Apart from the local file system, Spark also incorporates other popular file systems like Amazon S3 and Hadoop Distributed File System. Also, there is the Spark SQL module that uses SQL query for retrieving data. The query results are in a general format and can be casted to common types using methods like getFloat(), getInt(), getString(), etc.

### RDD

RDD stands for **Resilient Distributed Dataset**, which is the basic data structure that allows Spark to handle data the way it does. Recently Spark has been migrating from the basci RDD to a more "modern" data structure called dataframe that is expected to provide more user-friendly interfaces. Despite being promising, this upgrade is still in progress and in this tutorial we will focus more on RDD.

For the code below to run, we will need a subdirectory named "data" under the working directory and a .txt file called README.txt inside, which is just some random text used for demonstration.

Now here is how to read lines from a file.

In [3]:
lines = sc.textFile('data/README.md') # the README file from findspark project page on Github
print(lines.count())
print(lines.first())

50
# Find spark


One important feature of Spark is **lazy evaluation**, which means that Spark won't actually evaluate anything until when we need the results. So the code below just **transforms** a RDD into another RDD but does not evaluate what is actualy inside.

In [4]:
sparklines = lines.filter(lambda line: "spark" in line)
sparklines

PythonRDD[4] at RDD at PythonRDD.scala:53

But if we need the values, e.g. first 3 items, then Spark will have compute the results.

In [6]:
sparklines.take(3)

['# Find spark',
 'You can address this by either symlinking pyspark into your site-packages,',
 'or adding pyspark to sys.path at runtime. `findspark` does the latter.']

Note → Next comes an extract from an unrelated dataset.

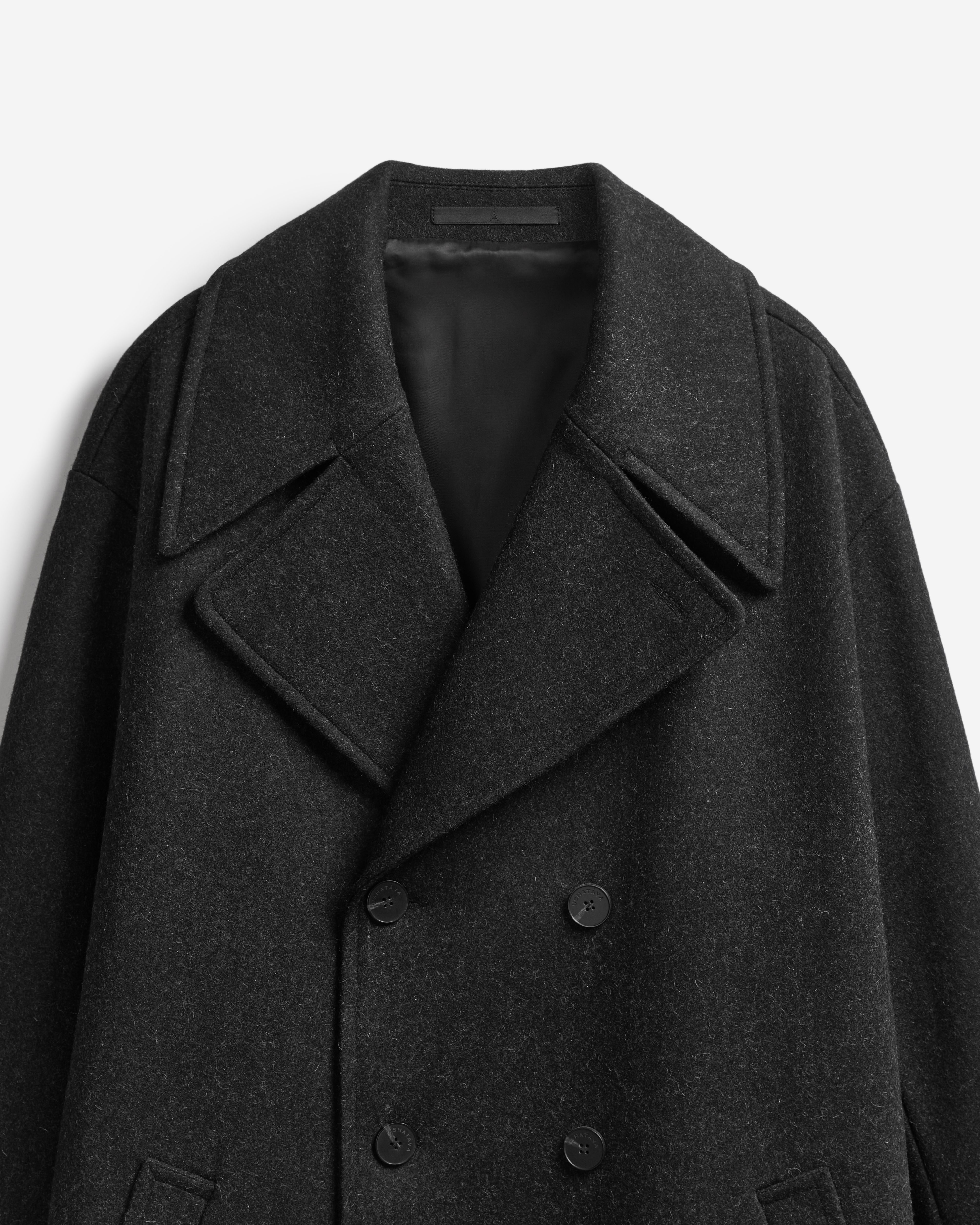 A coat with a voluminous English collar is made of thick cloth. The piece has a straight voluminous silhouette and rolled shoulder. Universal fit makes the coat suitable not only for women, but for men too. The long sleeves can be rolled up if you want – the lower part of the sleeve lining is made of shirt cotton for this exact case. The coat is lined with polyviscose lining. It fastens with buttons reinforced with counterbuttons. The left sleeve is decorated with a branded Garderobe patch.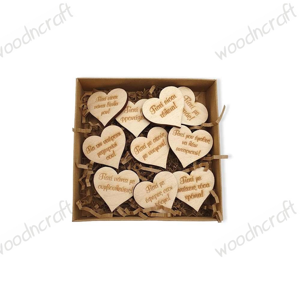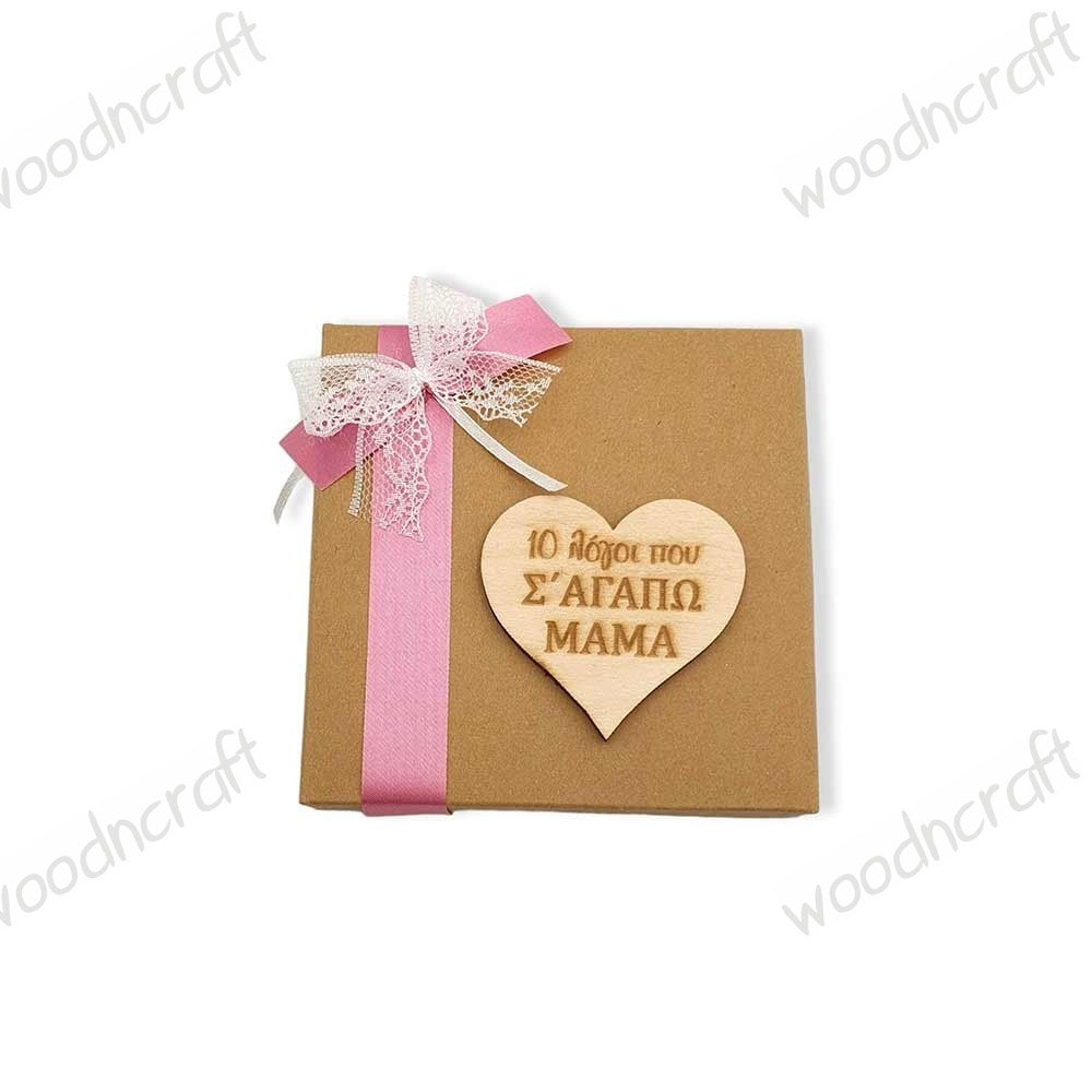 Original and personalized craft gift box decorated with ribbons. It includes hearts engraved with the 10 main reasons why we can love our MOM! A unique, symbolic gift to express your love...!

In summary, the methods like `filter` are **transformations** while those like `take` are **actions**.

- **transformations** return RDDs and are exectued lazily
    - filter()
    - union(), distinct(), intersetion(), suctract(), cartesian(), ...
    - map(), flatMap()
    
- **actions** return other types of data and kick off computations
    - count()
    - take()
    - reduce(), fold()
    - aggregate()
    - ...
    

The lazy execution of transformations helps to avoid unecessary (and potentially costly) computation in most cass. But when some of the values are repeatedly used in our programs, we can let Spark "remember" the results by calling `persist`.

In [7]:
pythonlines = lines.filter(lambda line: "Python" in line).persist()

### Paired RDD

With the methods shown above we can perform most data transformation and aggregation we want. But it still helps to go one step further by storing data in key-value pairs, which is what paried RDD means.

In [8]:
line_pairs = lines.map(lambda ll: (ll.split(' ')[0], ll))
line_pairs.take(3)

[('#', '# Find spark'),
 ('', ''),
 ('PySpark',
  "PySpark isn't on sys.path by default, but that doesn't mean it can't be used as a regular library.")]

Now we can see that paired RDD is just key-value pairs stored in regular RDDs. However, Spark also provides some handy methods to operate on key-value pairs. For example, if I want to predict the number of words each line from the first word of the line (alright I just don't want to think of a better example), it might be useful to see the average number of words grouped by the first word of each line.

In [9]:
## Reducing by key (the first word), use a tuple to get sum of words and number of lines
line_pairs = lines.map(lambda ll: (ll.split(' ')[0], (len(ll.split(' ')), 1)))
line_counts = line_pairs.reduceByKey(lambda x, y: (x[0] + y[0], x[1] + y[1]))
line_counts.take(4)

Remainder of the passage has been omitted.